• [Work task] The records are to be copied from the line that contains "St. Joseph has" through their last line, word for word, with every picture left out.

----- Data under study -----

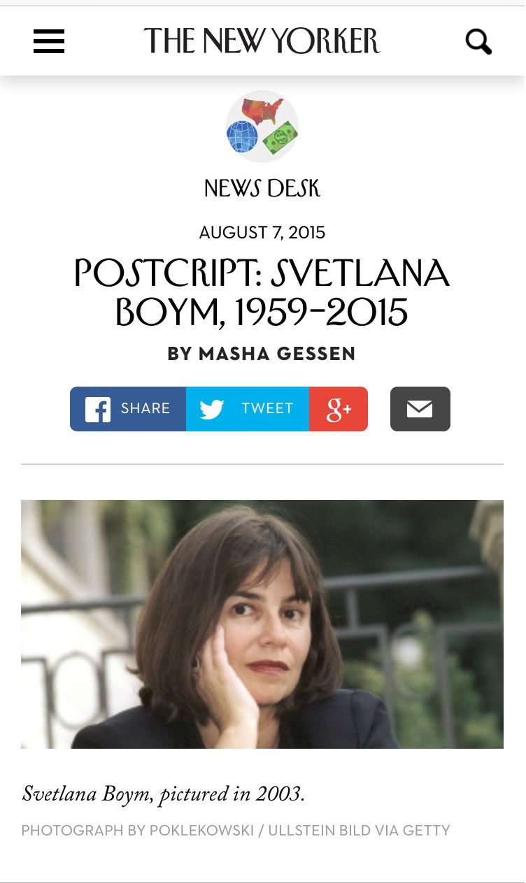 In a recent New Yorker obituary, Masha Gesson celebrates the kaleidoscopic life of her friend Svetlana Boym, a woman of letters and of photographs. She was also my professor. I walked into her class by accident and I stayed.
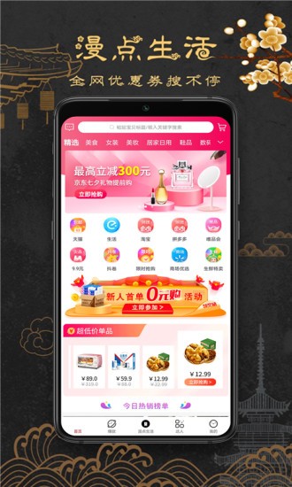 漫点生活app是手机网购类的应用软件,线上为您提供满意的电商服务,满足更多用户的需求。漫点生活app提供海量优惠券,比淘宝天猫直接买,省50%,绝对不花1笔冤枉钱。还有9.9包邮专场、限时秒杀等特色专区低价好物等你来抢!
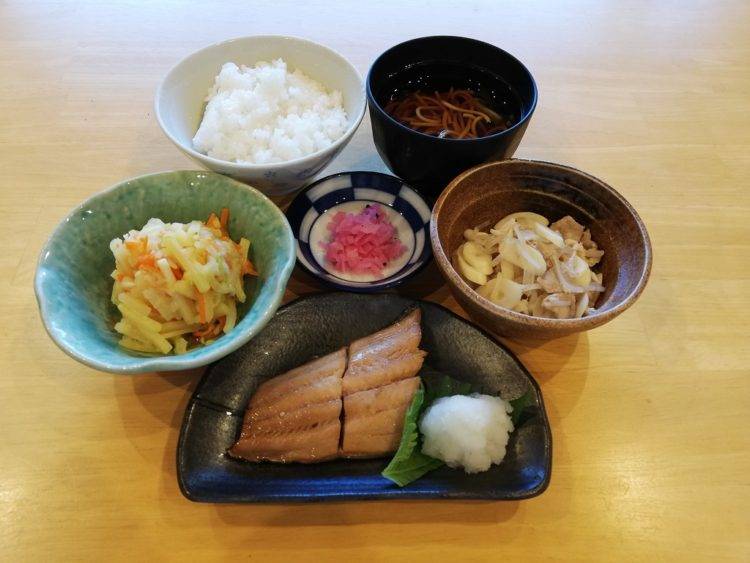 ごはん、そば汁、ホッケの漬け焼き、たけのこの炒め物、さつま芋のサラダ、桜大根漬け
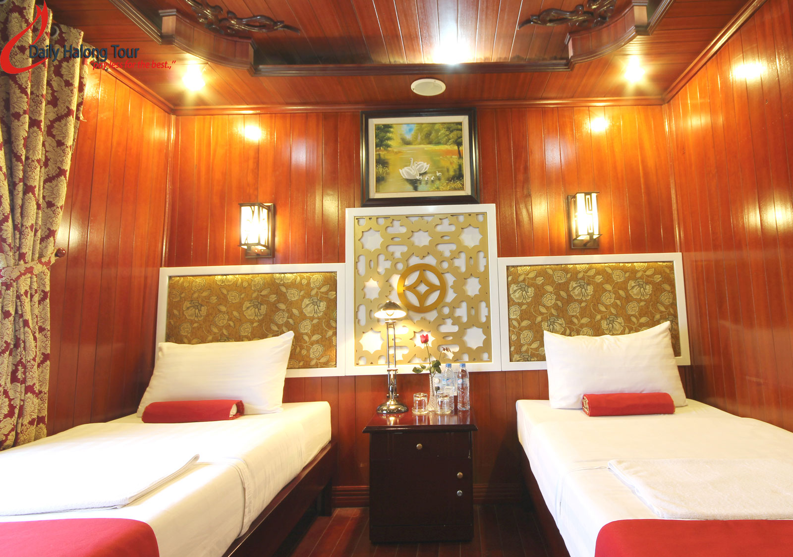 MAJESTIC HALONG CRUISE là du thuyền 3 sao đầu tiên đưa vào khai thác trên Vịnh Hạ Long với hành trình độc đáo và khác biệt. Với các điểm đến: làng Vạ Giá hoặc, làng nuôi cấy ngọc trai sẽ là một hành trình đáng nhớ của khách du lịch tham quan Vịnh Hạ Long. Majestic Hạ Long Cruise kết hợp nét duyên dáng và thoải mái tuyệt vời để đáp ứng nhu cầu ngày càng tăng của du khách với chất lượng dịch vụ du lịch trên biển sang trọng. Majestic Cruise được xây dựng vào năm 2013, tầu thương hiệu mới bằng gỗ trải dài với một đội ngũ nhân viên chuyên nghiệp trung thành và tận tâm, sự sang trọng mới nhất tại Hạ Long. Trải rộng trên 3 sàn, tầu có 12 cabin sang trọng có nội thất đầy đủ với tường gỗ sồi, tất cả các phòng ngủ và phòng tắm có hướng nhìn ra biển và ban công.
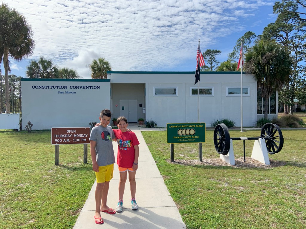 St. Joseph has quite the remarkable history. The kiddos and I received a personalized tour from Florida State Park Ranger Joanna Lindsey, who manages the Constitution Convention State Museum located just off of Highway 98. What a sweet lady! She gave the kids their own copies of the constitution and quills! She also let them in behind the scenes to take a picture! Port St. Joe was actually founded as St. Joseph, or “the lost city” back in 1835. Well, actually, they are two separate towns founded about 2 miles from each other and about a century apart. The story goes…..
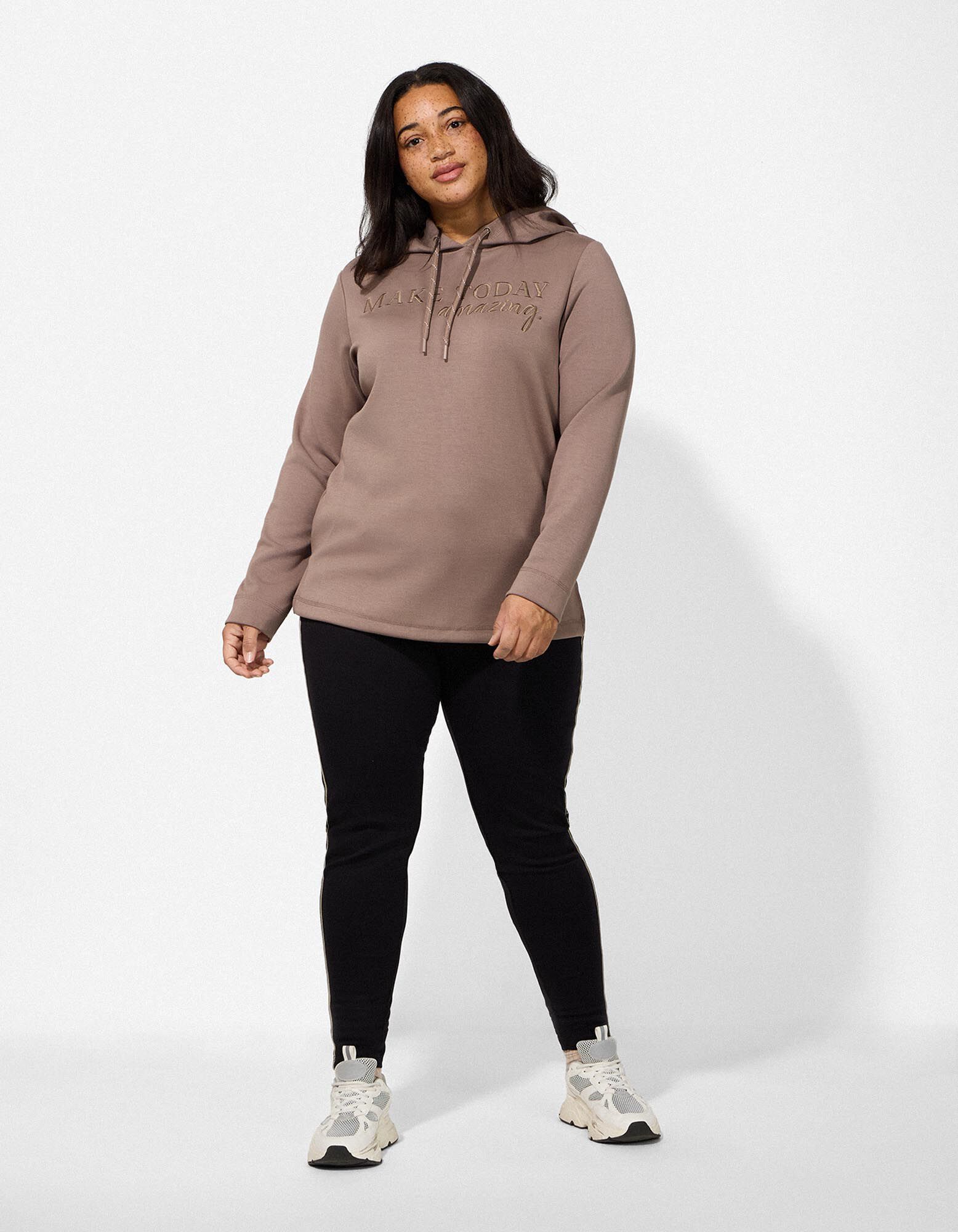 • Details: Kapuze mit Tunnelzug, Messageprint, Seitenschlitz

-----

• [Reply]
 St. Joseph has quite the remarkable history. The kiddos and I received a personalized tour from Florida State Park Ranger Joanna Lindsey, who manages the Constitution Convention State Museum located just off of Highway 98. What a sweet lady! She gave the kids their own copies of the constitution and quills! She also let them in behind the scenes to take a picture! Port St. Joe was actually founded as St. Joseph, or “the lost city” back in 1835. Well, actually, they are two separate towns founded about 2 miles from each other and about a century apart. The story goes…..
 • Details: Kapuze mit Tunnelzug, Messageprint, Seitenschlitz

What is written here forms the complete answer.